Desde 1869, ninguém recebia qualquer tipo de comunicação de Livingstone. Então James Gordon Bennet, Jr., que publicou o New York Herald, decidiu que seu artigo "encontraria" Livingstone. A história, ele sabia, seria um sucesso entre os leitores. Então ele contratou Stanley, um jornalista e explorador galês, para encontrar Livingstone. A missão acabou levando dois anos, mas foi um sucesso. Uma semana ou duas depois que o diário de Livingstone termina, a história nos diz que Stanley recebeu o famoso médico com a frase “Dr. Livingstone, eu presumo?

"A partir daí, tudo muda", diz Wisnicki. Livingstone volta a ser o abolicionista e o herói, seu flerte com a corrupção moral registrado apenas nas páginas desbotadas de seu diário de retalhos. Além disso, Stanley fornecia novos cadernos para Livingstone, então ele desistiu do jornal e escreveu vários outros diários antes de morrer dois anos depois.
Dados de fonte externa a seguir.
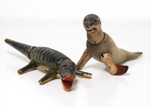 Humpty Dumpty, gr. Serie, Konv. 2 Teile, Krokodil, Glasaugen, Lederflossen fehlen, Seeelefant, gr. Serie, Glasaugen, Farbe abgerieben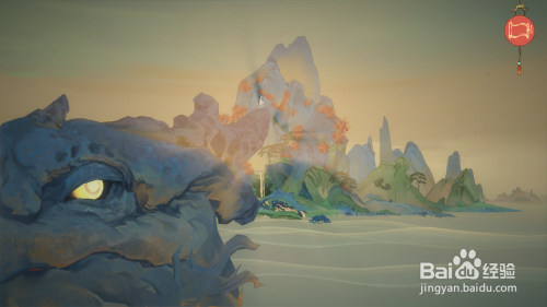 进步到右一个神灵的头上,这应该是个龙,然后将苍之军号拖动到上边的龙角上,然后龙就醒了,下方的龙嘴张开,可以看到里边有颗发光的珠子。

Apesar de nenhum desses diários apresentar os mesmos desafios de legibilidade do jornal, Wisnicki está atualmente transcrevendo-os para que os interessados ​​possam ter uma visão completa da última viagem de Livingstone à África.

Quanto a Livingstone, alguns críticos se perguntam o que ele teria pensado em ter seus mais profundos segredos e sentimentos expostos para todos lerem, anos após sua morte. “Parte de sua visão foi informar o mundo sobre o que estava acontecendo na África com o tráfico de escravos”, diz Wisnicki. "Então eu acho que ele teria aprovado."